Final answer:
The enthalpy change (∆Hrxn) for the reaction CCl4(g) + H2(g) → CHCl3(g) + HCl(g) is calculated by using the bond energies given for the broken and formed bonds. The calculation reveals that ∆Hrxn is -80 kJ/mol, indicating the reaction is exothermic. The correct option is E. -80 kJ/mol.
Step-by-step explanation:
To estimate the ∆Hrxn for the given reaction CCl4(g) + H2(g) → CHCl3(g) + HCl(g), we need to calculate the total bond energy for the bonds broken and formed during the reaction.

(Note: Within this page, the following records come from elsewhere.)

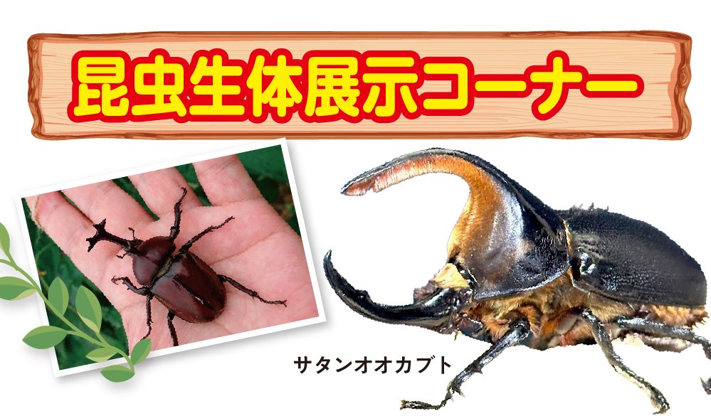 ヘラクレスオオカブトやコーカサスオオカブトなど、約300匹の昆虫とふれあえるチャンス!木や枝を使った自然な環境で、SNS映えする写真撮影も楽しめます。
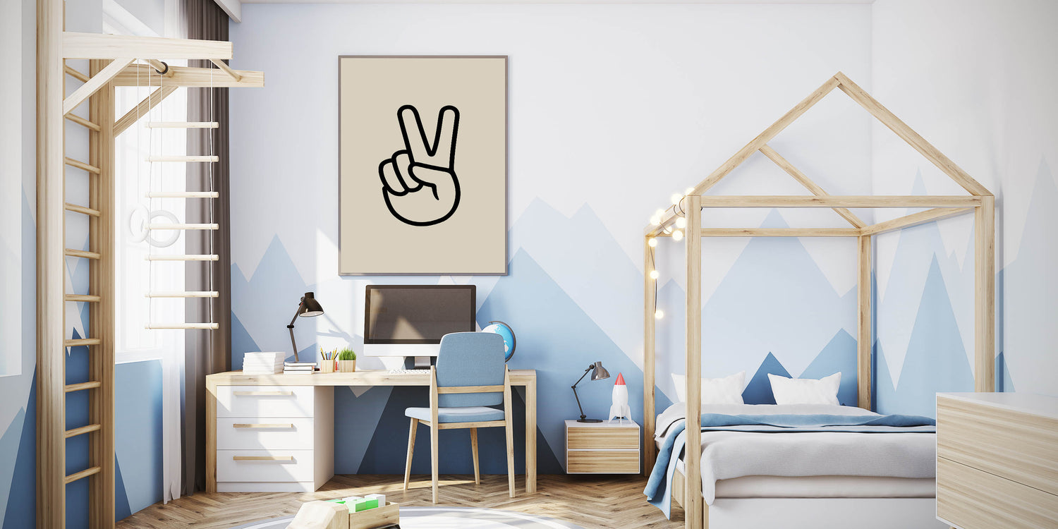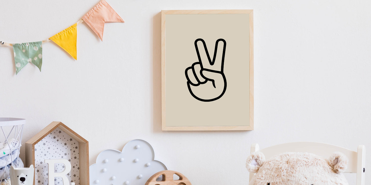 Promote peace and positivity in your child's space with this bold and minimalist "Peace" typography art print. Featuring a stylized peace hand sign against a calming beige background, this design is perfect for adding a soothing and inspirational touch to any room. Ideal for nurseries, playrooms, or study areas, it serves as both decor and a gentle reminder to spread kindness.
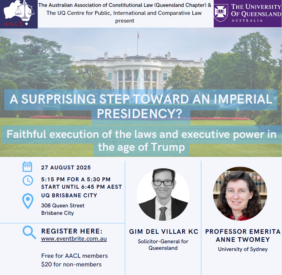 On 27 August 2025, the Queensland Chapter of the Australian Association of Constitutional Law (AACL), in partnership with the UQ Centre for Public, International and Comparative Law (CPICL), hosted a timely event titled “A Surprising Step Toward an Imperial Presidency? Faithful execution of the laws and executive power in the age of Trump.”
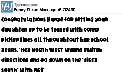 X Congratulations Kanye for setting your daughter up to be teased with corny pickup lines all throughtout her school years. "Hey North West, wanna switch directions and go down on the "dirty south" with me?"
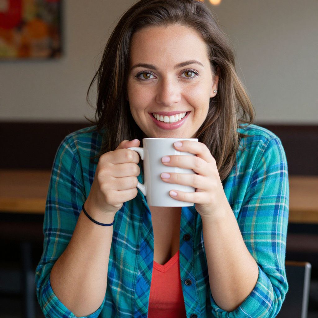 A photograph of a smiling woman with shoulder-length brown hair, wearing a green and blue plaid shirt over a red top. She's holding a white mug close to her face with both hands, sitting at a table. She has a black hair tie on her right wrist and a blue bracelet on her left. The background is blurred, suggesting an indoor setting.
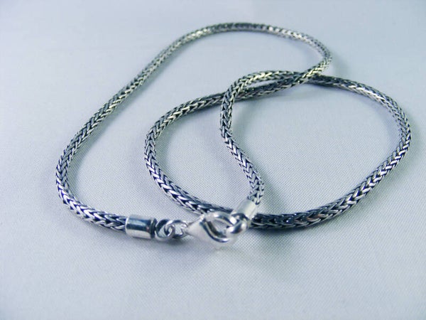 Mooi collier met slangmotief. Handgemaakt in Indonesie van 925 massief zilver met karabijn slot. Breedte: 2.7 mm

The energy required to break the bonds is calculated by adding the bond energies of all the bonds that are broken, and the energy released is calculated by adding the bond energies of all the bonds that are formed.

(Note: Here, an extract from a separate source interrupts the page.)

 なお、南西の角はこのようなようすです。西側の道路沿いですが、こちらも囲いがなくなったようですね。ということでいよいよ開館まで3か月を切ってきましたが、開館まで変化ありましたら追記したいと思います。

For the reactants, 1 mole of CCl4 will involve breaking 4 C-Cl bonds and 1 H-H bond. That is 4 × 328 kJ/mol (C-Cl) + 436 kJ/mol (H-H) = 1756 kJ/mol. For the products, 1 mole of CHCl3 will involve forming 3 C-Cl bonds and 1 C-H bond, and 1 mole of HCl will involve forming 1 H-Cl bond. That is 3 × 328 kJ/mol (C-Cl) + 413 kJ/mol (C-H) + 431 kJ/mol (H-Cl) = 1828 kJ/mol.

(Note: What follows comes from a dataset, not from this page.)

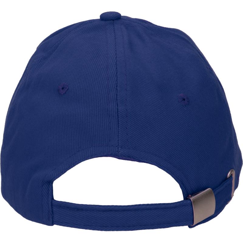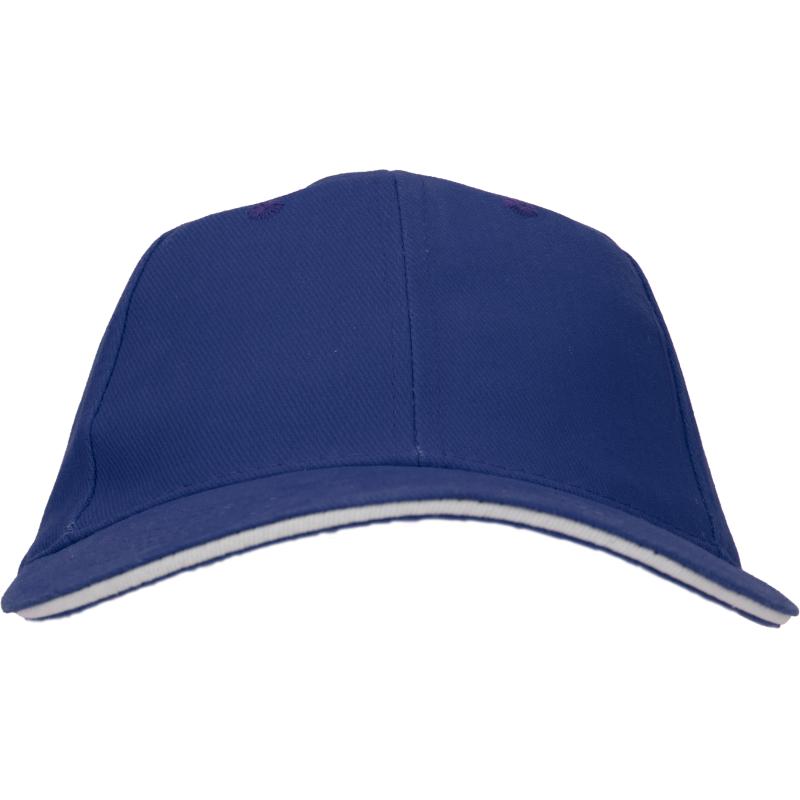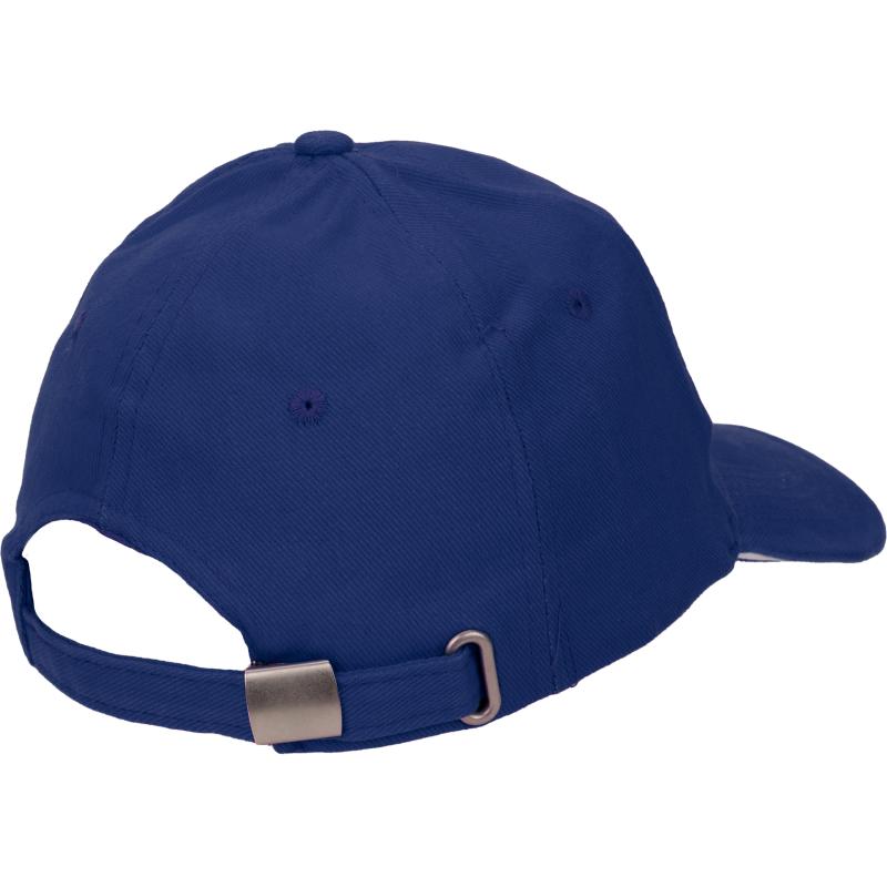 Bawełniana, 6-panelowa czapka z daszkiem typu Sandwich, wykonana z bawełny czesanej wolnej od AZO (gramatura 260 g/m²), regulowana za pomocą metalowego zapięcia.

Thus, the total bond energy of products is lower than that of reactants, indicating that the reaction is exothermic. The enthalpy change (∆Hrxn) can be estimated by subtracting the energy of the bonds formed from the energy of the bonds broken:
∆Hrxn = Total energy of bonds formed – Total energy of bonds broken
∆Hrxn = 1828 kJ/mol – 1756 kJ/mol
∆Hrxn = -80 kJ/mol
Therefore, the enthalpy change for the given reaction is -80 kJ/mol, which corresponds to option E.